**What is expected:** Your answer should hold exactly the lines beginning with the one that contains "Door to Heaven." and ending with the last line of the material, both included. Leave every picture out.

**Materials provided:**
============
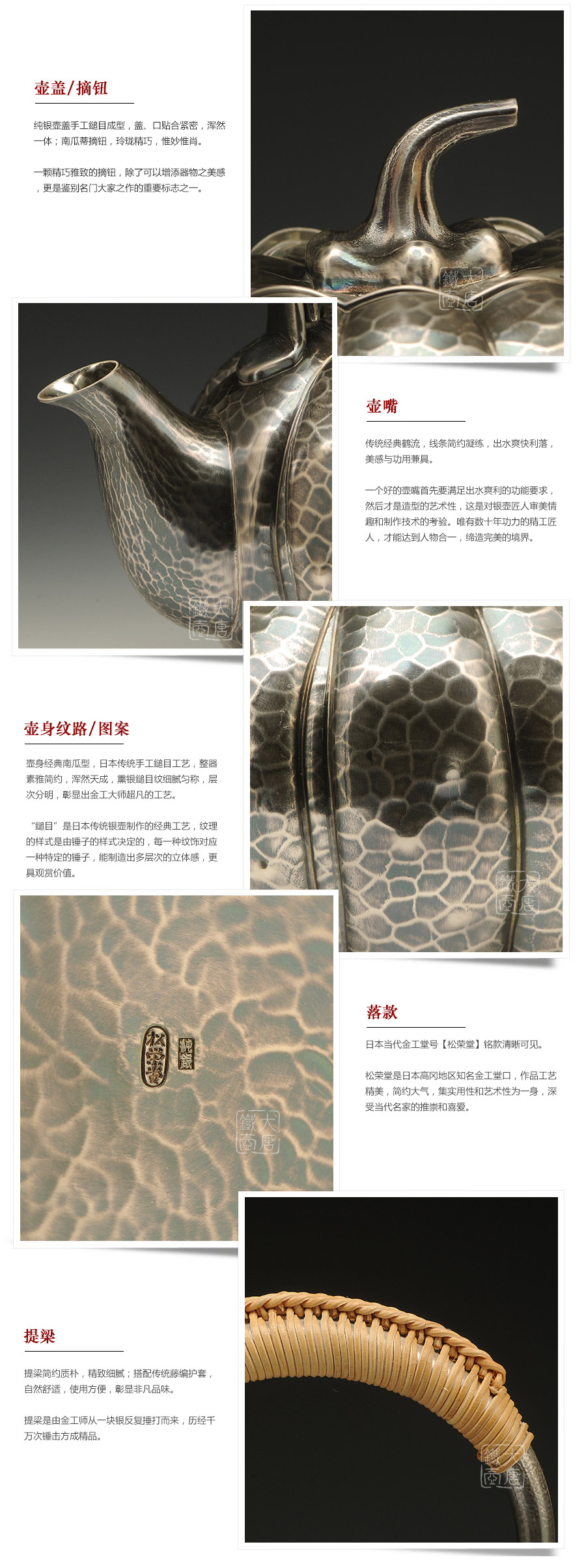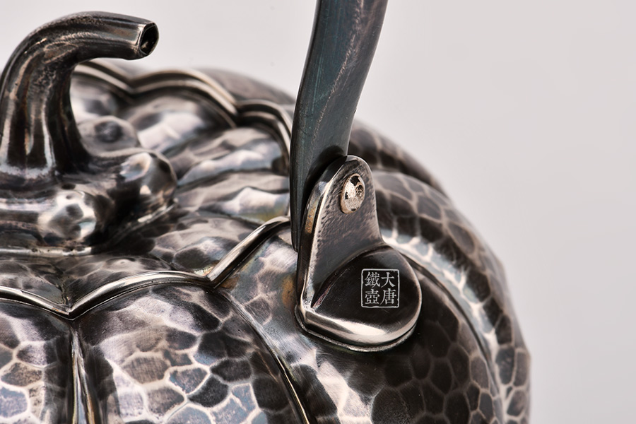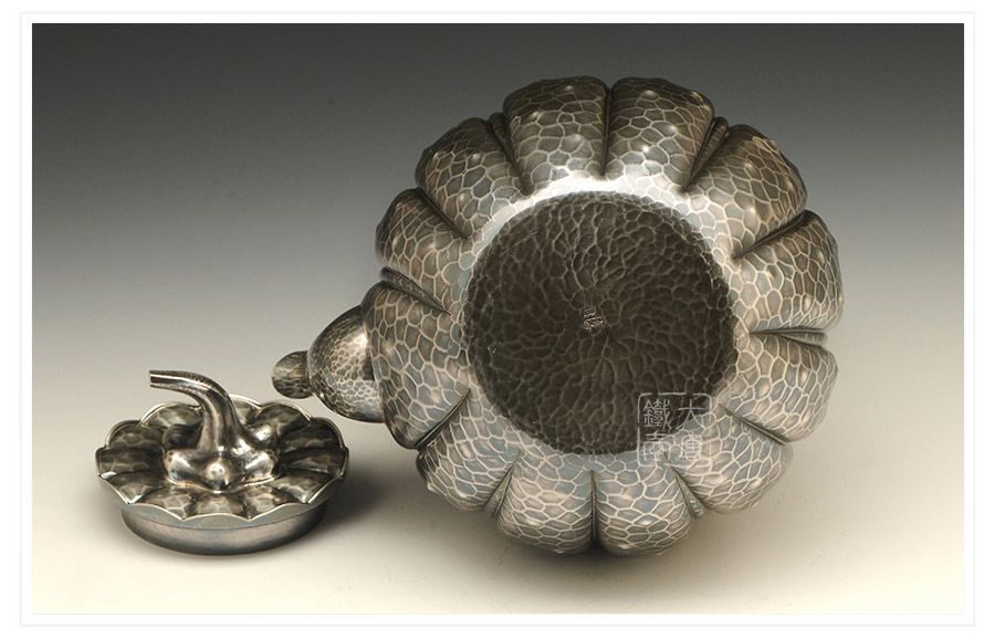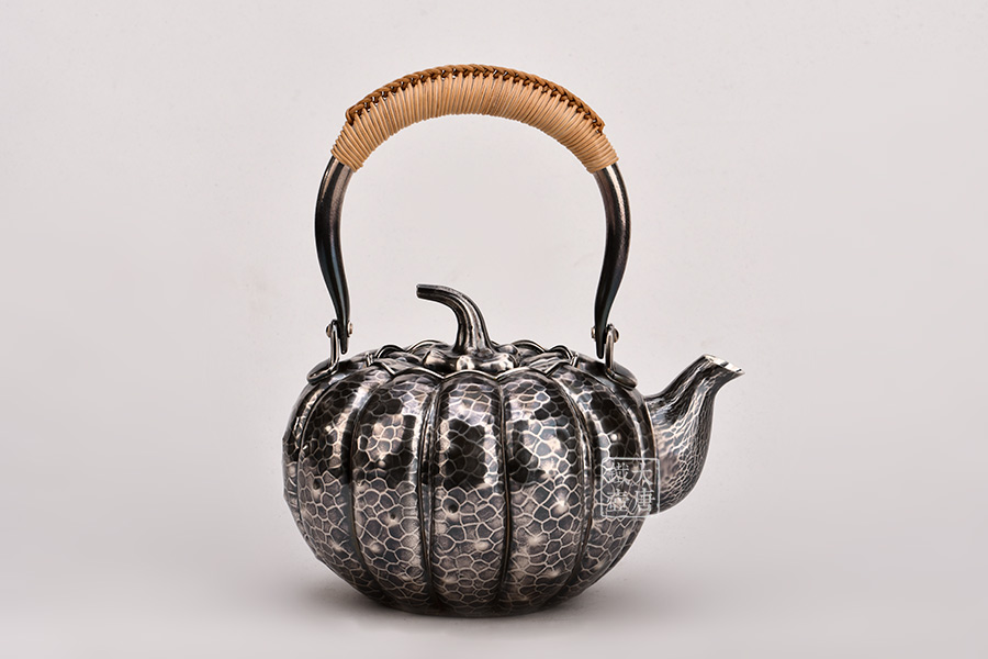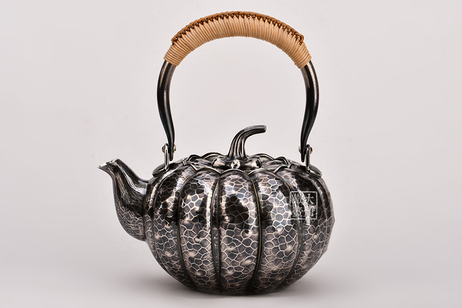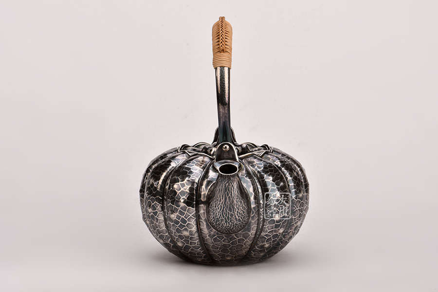 日本頂級金工堂號松榮堂匠心手作,經(jīng)典南瓜型,熏銀,傳統(tǒng)手工鎚目工藝,整器素雅簡約,惟妙惟肖,堪稱經(jīng)典。
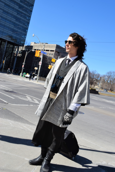 | 着物について | Torontoのメンバーに着物・羽織・帯をプレゼントしたら和洋折衷のコーデを披露してくれましたよ♪ワイシャツとドクロ柄の黒ネクタイとブーツの相性もいいですね。 紫の着物の方は男性ですがいつも女性着物を楽しんでいます。ヘアカラーも紫に染めてオシャレさんです♪ |
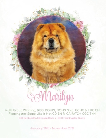 Marilyn Multi Group Winning, BISS, BOHIS, NOHS Gold, GCHG & UKC CH Flamingstar Some Like it Hot CD BN RI CA RATCH CGC TKN January 2013 - November 2021
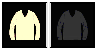 また、リープマン効果を逆手にとる工夫もある。『セパレーション効果』というものだ。図Aの「黒背景とダークグレイの商品」の境に明度差のある一色を入れる。そうする事によって商品の色がはっきりと分かり、また時として商品の良さを一層引き出すことさえあるのだ。下記イラストは全く同じ形で同じ色を配置した同一のモノなのだが、セパレーション効果を利用する事により、色や形、立体感など別の印象を受けるのではないだろうか?尚、下記2つの服の色は16進数のRGB値で#333333で全く同じ色である。
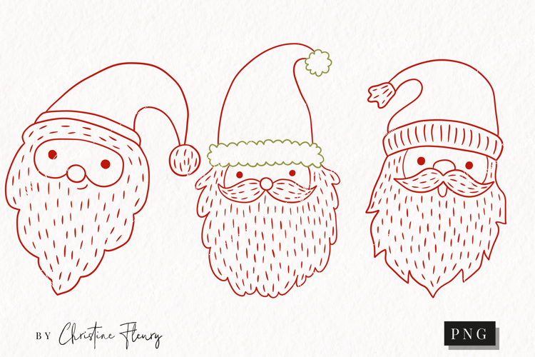 Similar Design Products to Hand Drawn Santa Heads Clipart | Christmas PNG
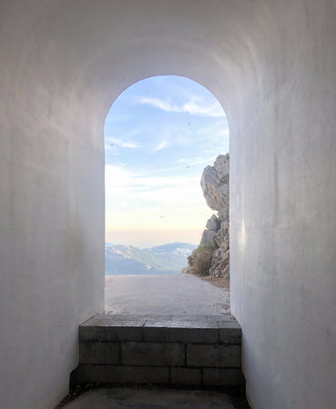 Door to Heaven. Arched passage open to heaven`s sky. Light at end of the tunnel. Hope metaphor.
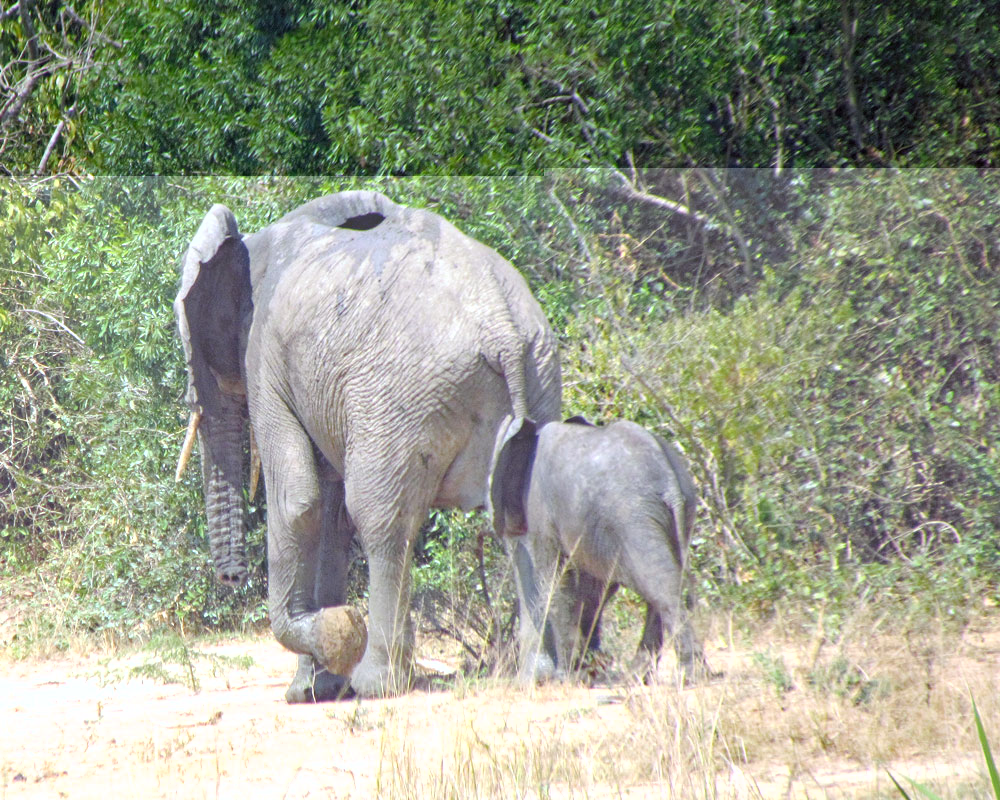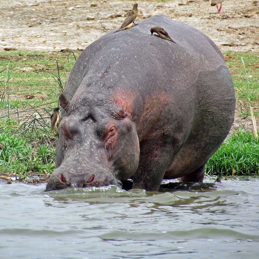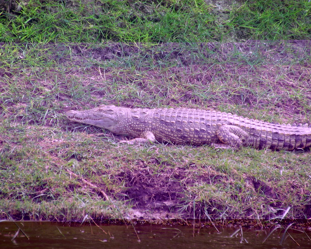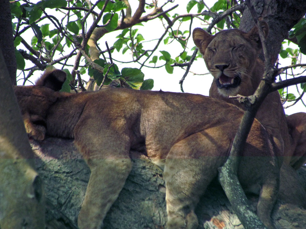 On to Queen Elizabeth National Park. Here we took our best boat trip, on the Kazinga Channel between Lake Edward and Lake George. Elephants, profuse, walked majestically along the far bank and cooled of in the water. Hippos were abundant, although usually only their backs were visible, like rubber tarpaulins. We saw one on shore, walking by a bunch of people who ignored it, as it did them. This despite the hippo reputation for being very dangerous on land. An occasional crocodile slept on the river bank.
============
**Response area:**
 Door to Heaven. Arched passage open to heaven`s sky. Light at end of the tunnel. Hope metaphor.
 On to Queen Elizabeth National Park. Here we took our best boat trip, on the Kazinga Channel between Lake Edward and Lake George. Elephants, profuse, walked majestically along the far bank and cooled of in the water. Hippos were abundant, although usually only their backs were visible, like rubber tarpaulins. We saw one on shore, walking by a bunch of people who ignored it, as it did them. This despite the hippo reputation for being very dangerous on land. An occasional crocodile slept on the river bank.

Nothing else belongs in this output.